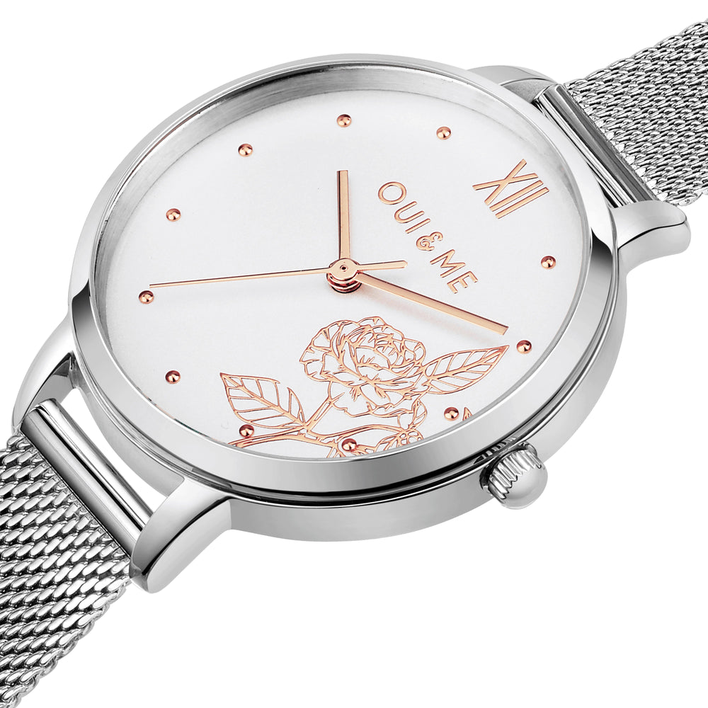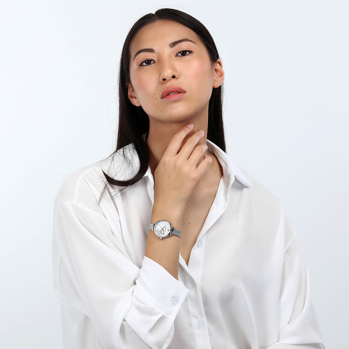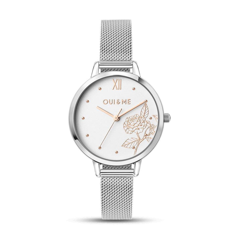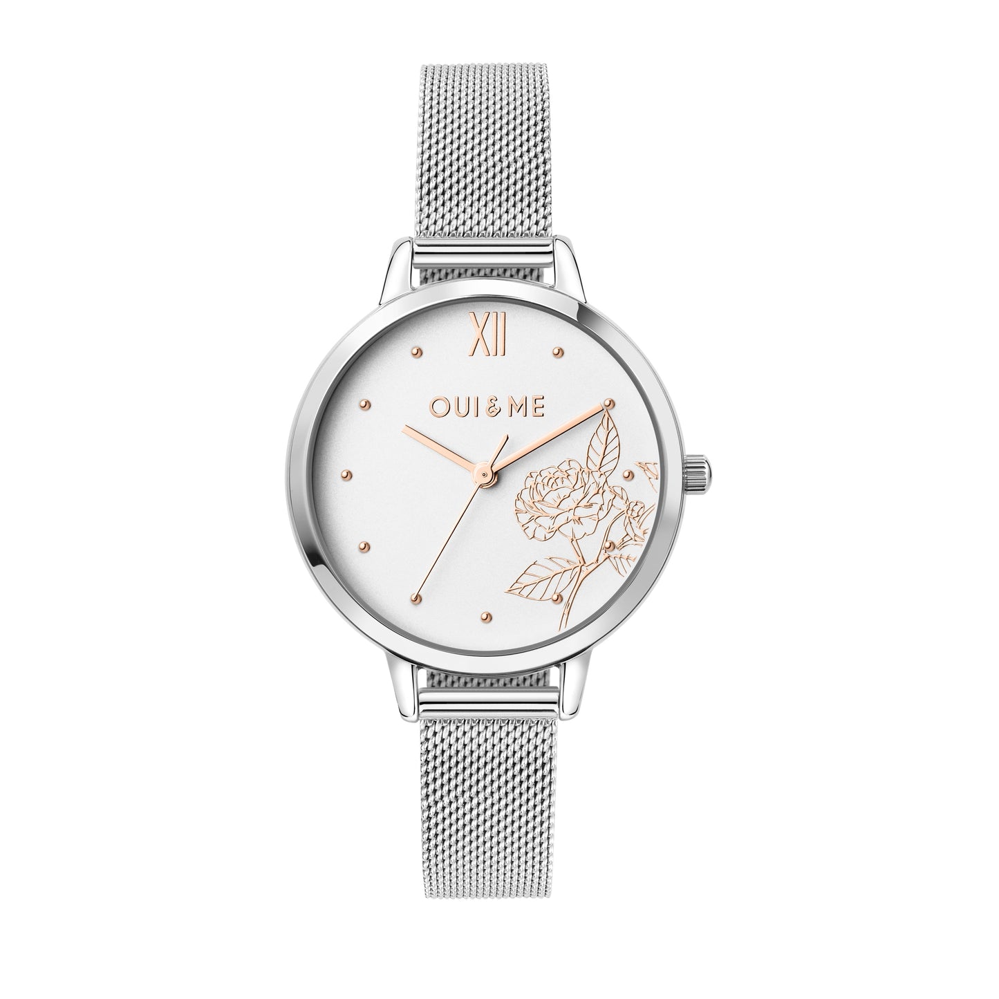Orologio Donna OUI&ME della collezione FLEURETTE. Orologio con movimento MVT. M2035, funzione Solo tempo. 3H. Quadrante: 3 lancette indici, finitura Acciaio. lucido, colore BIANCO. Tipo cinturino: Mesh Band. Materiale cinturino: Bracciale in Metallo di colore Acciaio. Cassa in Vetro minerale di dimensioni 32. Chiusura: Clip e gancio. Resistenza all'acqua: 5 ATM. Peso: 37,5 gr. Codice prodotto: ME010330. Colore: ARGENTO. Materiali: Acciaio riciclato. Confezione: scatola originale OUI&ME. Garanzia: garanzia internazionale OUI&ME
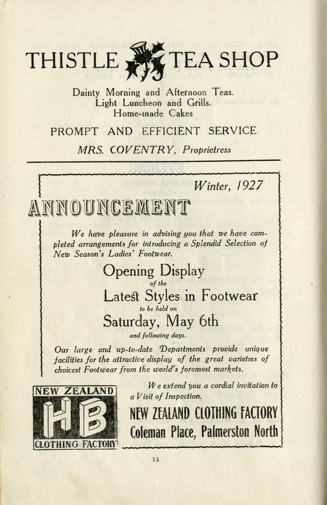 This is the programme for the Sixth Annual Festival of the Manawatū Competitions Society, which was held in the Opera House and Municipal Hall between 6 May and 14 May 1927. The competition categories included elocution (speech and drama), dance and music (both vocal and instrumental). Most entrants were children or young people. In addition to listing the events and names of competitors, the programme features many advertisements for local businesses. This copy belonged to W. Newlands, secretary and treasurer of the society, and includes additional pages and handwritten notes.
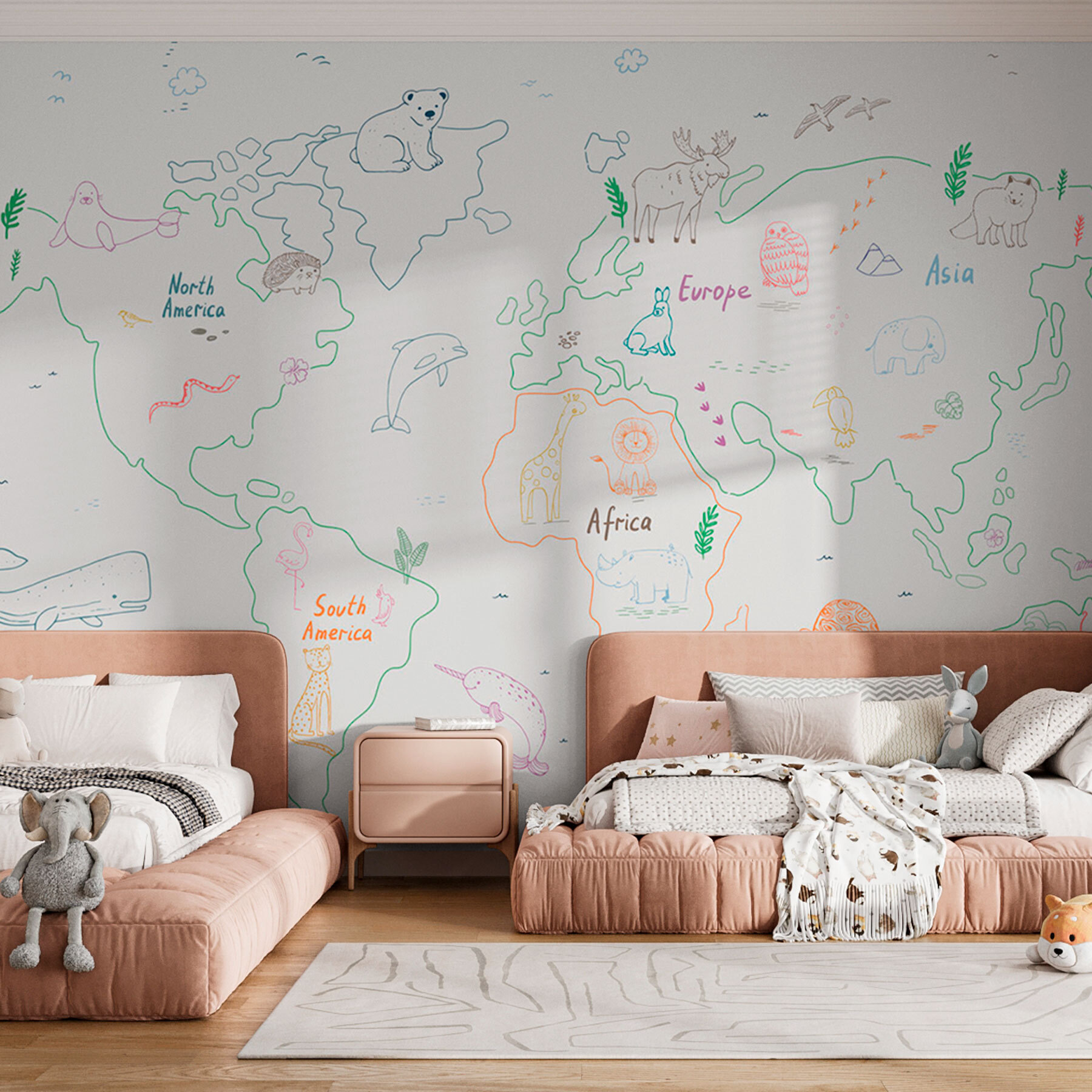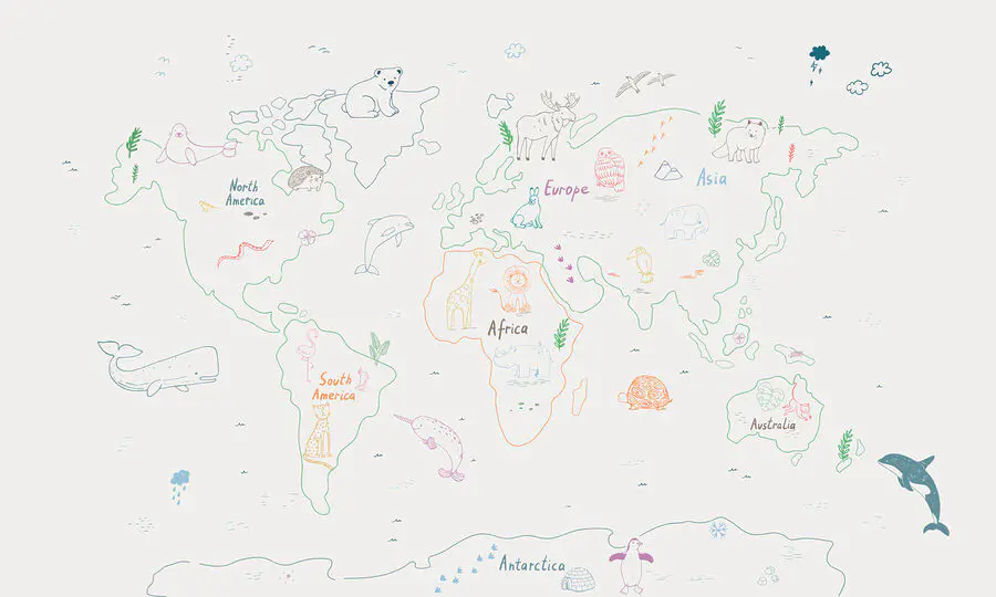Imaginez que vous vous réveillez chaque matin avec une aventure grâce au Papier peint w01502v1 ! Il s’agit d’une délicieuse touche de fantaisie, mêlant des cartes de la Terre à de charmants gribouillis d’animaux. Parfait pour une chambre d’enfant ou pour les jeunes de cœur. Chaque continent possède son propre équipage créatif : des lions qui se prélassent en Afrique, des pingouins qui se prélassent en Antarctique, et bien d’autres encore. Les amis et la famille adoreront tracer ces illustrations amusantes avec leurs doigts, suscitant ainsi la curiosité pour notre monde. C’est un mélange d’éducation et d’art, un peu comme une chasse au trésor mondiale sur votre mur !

> [THE PROBLEM]: Please print the data above once more, exactly as it appears, with no pictures.

> [COMPLETED TASK]:
Orologio Donna OUI&ME della collezione FLEURETTE. Orologio con movimento MVT. M2035, funzione Solo tempo. 3H. Quadrante: 3 lancette indici, finitura Acciaio. lucido, colore BIANCO. Tipo cinturino: Mesh Band. Materiale cinturino: Bracciale in Metallo di colore Acciaio. Cassa in Vetro minerale di dimensioni 32. Chiusura: Clip e gancio. Resistenza all'acqua: 5 ATM. Peso: 37,5 gr. Codice prodotto: ME010330. Colore: ARGENTO. Materiali: Acciaio riciclato. Confezione: scatola originale OUI&ME. Garanzia: garanzia internazionale OUI&ME
 This is the programme for the Sixth Annual Festival of the Manawatū Competitions Society, which was held in the Opera House and Municipal Hall between 6 May and 14 May 1927. The competition categories included elocution (speech and drama), dance and music (both vocal and instrumental). Most entrants were children or young people. In addition to listing the events and names of competitors, the programme features many advertisements for local businesses. This copy belonged to W. Newlands, secretary and treasurer of the society, and includes additional pages and handwritten notes.
Imaginez que vous vous réveillez chaque matin avec une aventure grâce au Papier peint w01502v1 ! Il s’agit d’une délicieuse touche de fantaisie, mêlant des cartes de la Terre à de charmants gribouillis d’animaux. Parfait pour une chambre d’enfant ou pour les jeunes de cœur. Chaque continent possède son propre équipage créatif : des lions qui se prélassent en Afrique, des pingouins qui se prélassent en Antarctique, et bien d’autres encore. Les amis et la famille adoreront tracer ces illustrations amusantes avec leurs doigts, suscitant ainsi la curiosité pour notre monde. C’est un mélange d’éducation et d’art, un peu comme une chasse au trésor mondiale sur votre mur !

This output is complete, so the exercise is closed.